PA/Zone 6.  Not ideal avocado weather.  We have a dwarf lemon tree that we bring in for winter.

----------


## Krugerrand

> I have one apple down near the creek.  I've only been able to get a couple of apples off of it - the racoons and birds usually get all the fruit before I do.
> 
> I have two peaches.  So far, it has tended to be that when one hits, the other doesn't.
> 
> There are three figs on the property - two planted in total shade so they don't fruit at all and struggle just to survive.  The other one fruits but the critters usually get the figs before I do, lol.
> 
> I have one grapefruit.  Something has gotten the fruit as soon as it sets every year until this past year.  I got FOUR grapefruit off of the tree in late December and oh goodness they were WONDERFUL! 
> 
> There are lots of native pecans and a few hybrids on the property, too.
> ...


It's no fun to lose food to the critters.  I put in a half dozen grape vines about 4 years ago.  This will probably be my first year to get grapes.  (nasty deer seem to like the young vine growth)  

I planted asparagus and rhubarb this year.  Next year I'm also hoping to add arctic kiwi to the mix.  Nothing ever goes after rhubarb.  The critters seem to leave the asparagus alone too.  From what I read, paw paw is virtually pest-free.

----------


## Kotin

I am in zone 9 and I have 
3 peach trees, 
3 apple trees, 
7 banana trees, 
10 cherry trees, 
5 chestnut trees, 
8 plum trees
1 pecan tree
1 black walnut tree


here is an overview of my garden if you are interested: http://www.ronpaulforums.com/showthread.php?t=190778

----------


## slacker921

money trees.   The little thieves from the IRS come around trying to pick the green ones.

----------


## silverhawks

> I am in zone 9 and I have 
> 3 peach trees, 
> 3 apple trees, 
> 7 banana trees, 
> 10 cherry trees, 
> 5 chestnut trees, 
> 8 plum trees
> 1 pecan tree
> 1 black walnut tree
> ...


That garden of yours is amazing, Kotin

----------


## dannno

> PA/Zone 6.  Not ideal avocado weather.  We have a dwarf lemon tree that we bring in for winter.

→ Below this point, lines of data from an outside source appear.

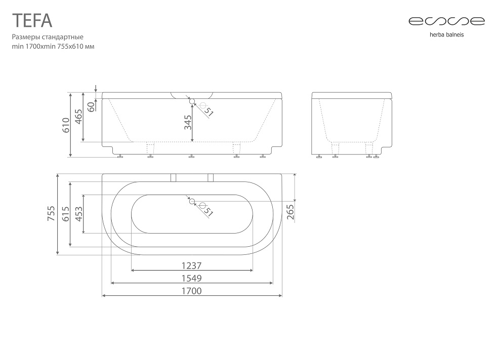 Прямоугольная ванна Esse «Tefa» создана из прямых форм,что обеспечивает не только надежность, но и является более гигиеничной, поскольку нет изгибов в которых могут оставаться загрязнения и собираться микробы.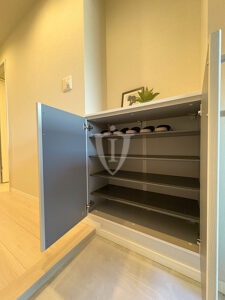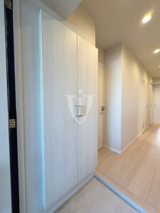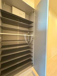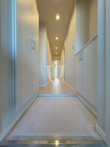 廊下には扉付きの可動棚収納が付いています。
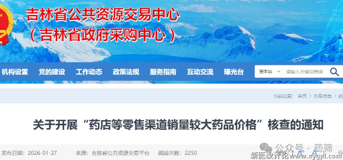 1月27日,吉林省公众资源中心,发布《关于开展“药店等零售渠道销量较大药品价格”核查的通知》,共有47个品种(官方公布48个,实际有1个重复),挂网价格高于药店零售价格1.3倍以上。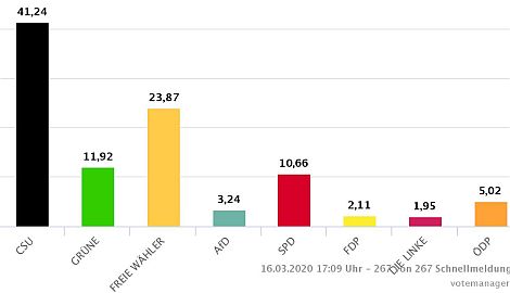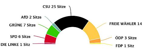Die CSU erhält demnach 25 Sitze (28), die Freien Wähler kommen auf 15 Sitze (16), die Grünen auf 7 (6), die SPD auf 6 (9), die ÖDP auf drei, die AfD auf zwei Sitze und die Linke und die FDP (1) auf je einen Sitz.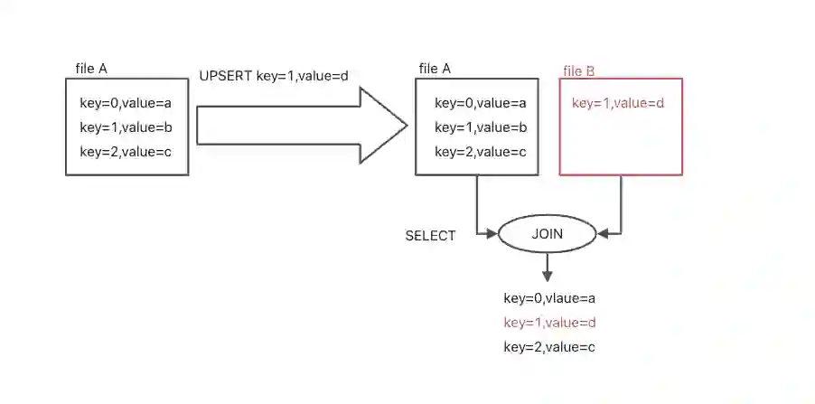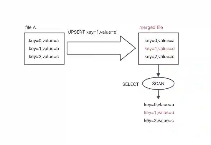 性能最高的实现方式是写入时APPEND ONLY不断写入新文件,在查询时进行数据逻辑合并(Merge on Read)。但这种对查询的性能打击是致命的,每次查询要多个版本的数据join过才能获取到一行最新的值。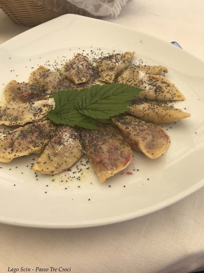 Moje omiljeno mjesto za odmor je restorančić uz jezerce “Lago Scin” pri dnu prijevoja Tre Croci, kilometar ili dva prije Cortine. Izvanredna autohtona kuhinja i mjesto za preporučiti . Najbolje je biti tu malo prije podneva, jer oko 13 sati treba krenuti dalje kako bi se stiglo do Stelvia predvečer.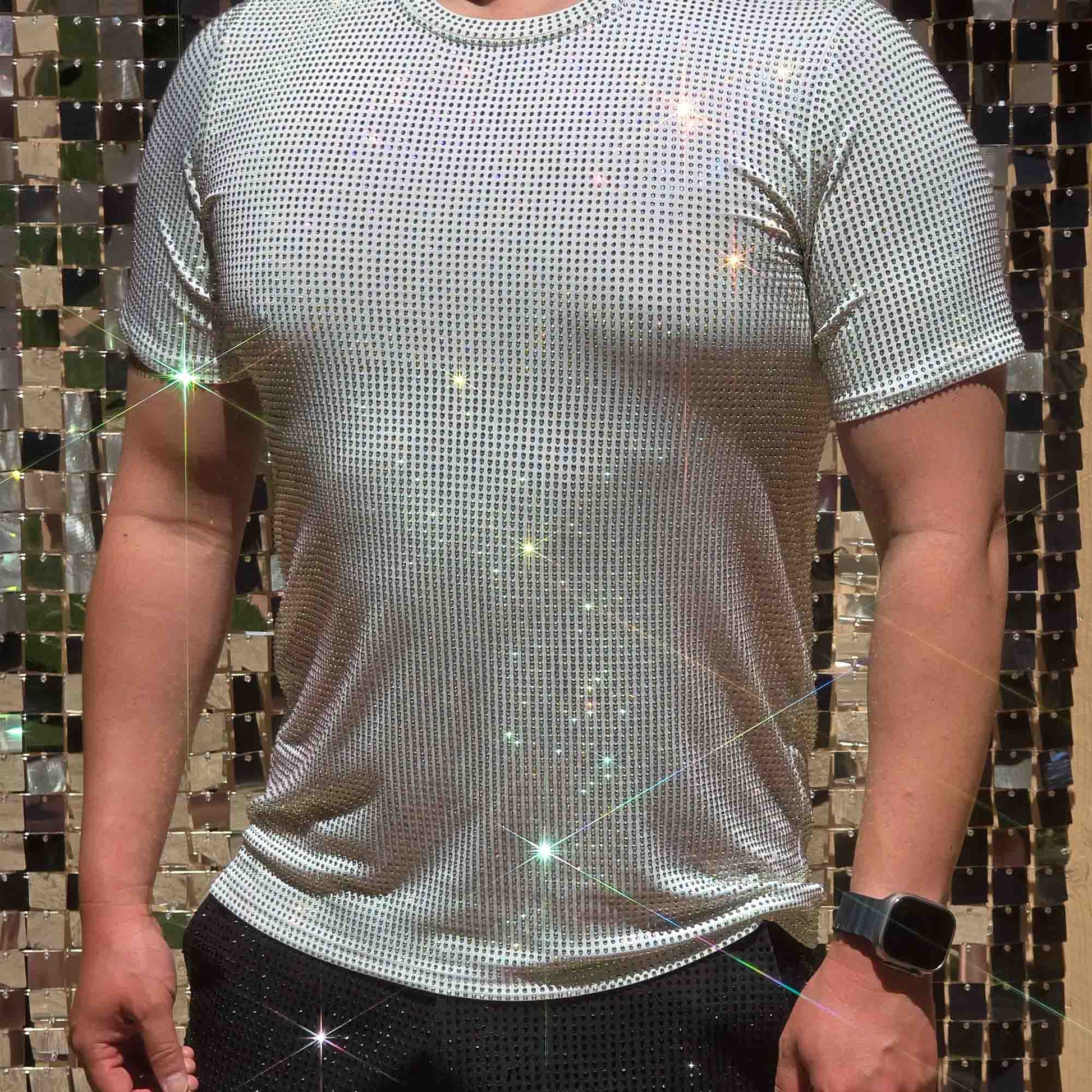 Step into the spotlight with our handmade, elegant T-shirt adorned with Clear AB rhinestones on white fabric. This masterpiece captures the essence of elegance, crafted from premium materials for enduring beauty and durability. Aglow with an array of gems, its splendor is impossible to encapsulate through imagery alone. Seize the moment and transform every entrance into a grand reveal with this T-shirt, a blend of charm and poise.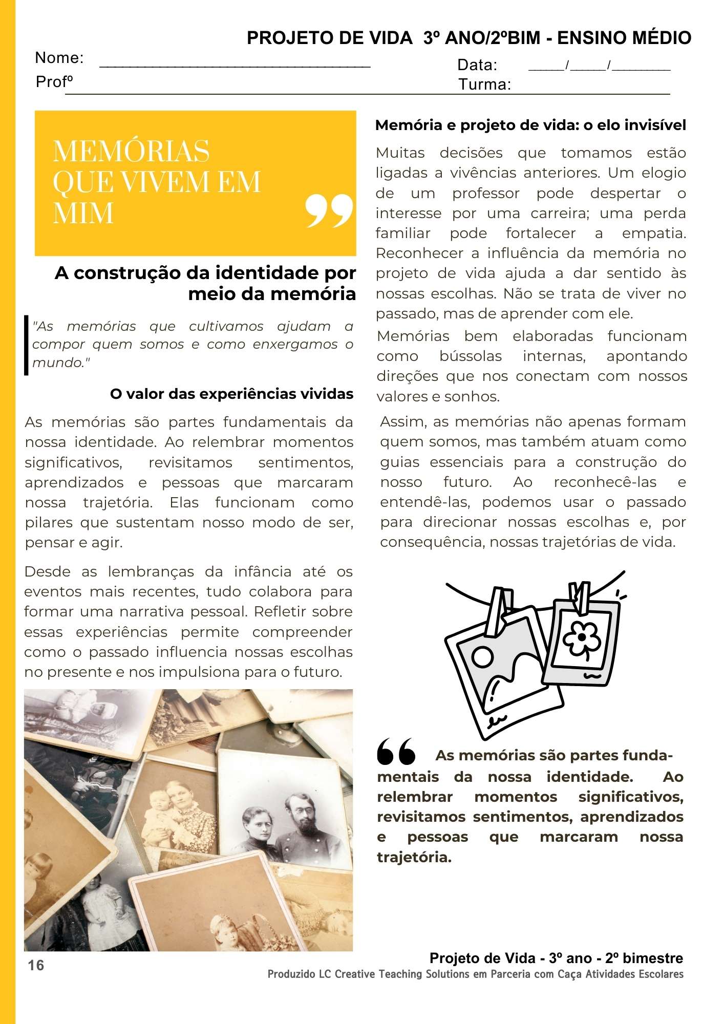 Esta apostila contém 8 ESTUDOS DIRIGIDOS de PROJETO DE VIDA para o 3º ano do Ensino Médio, referentes ao 2º bimestre de 2025.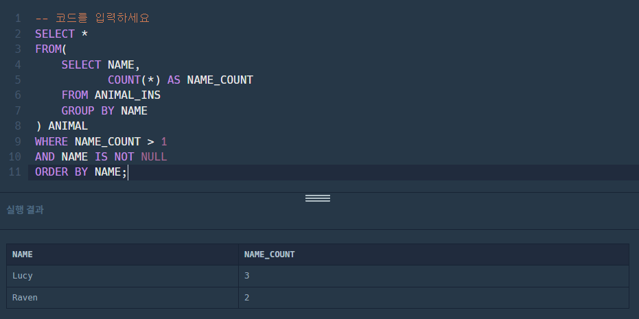 - 서브쿼리에서 가져온 데이터 중 2번 이상 집계된 NAME 조회를 위해 조건절 WHERE을 추가해준다.

Apparently these little fruit are extremely healthy:

http://www.ronpaulforums.com/showthr...ht=sea+berries


I'm going to try and grow some, but it looks like I'm not in the ideal climate. We'll see how it goes. They are grown in Russia and Canada and whatnot.

----------


## Krugerrand

> Apparently these little fruit are extremely healthy:
> 
> http://www.ronpaulforums.com/showthr...ht=sea+berries
> 
> 
> I'm going to try and grow some, but it looks like I'm not in the ideal climate. We'll see how it goes. They are grown in Russia and Canada and whatnot.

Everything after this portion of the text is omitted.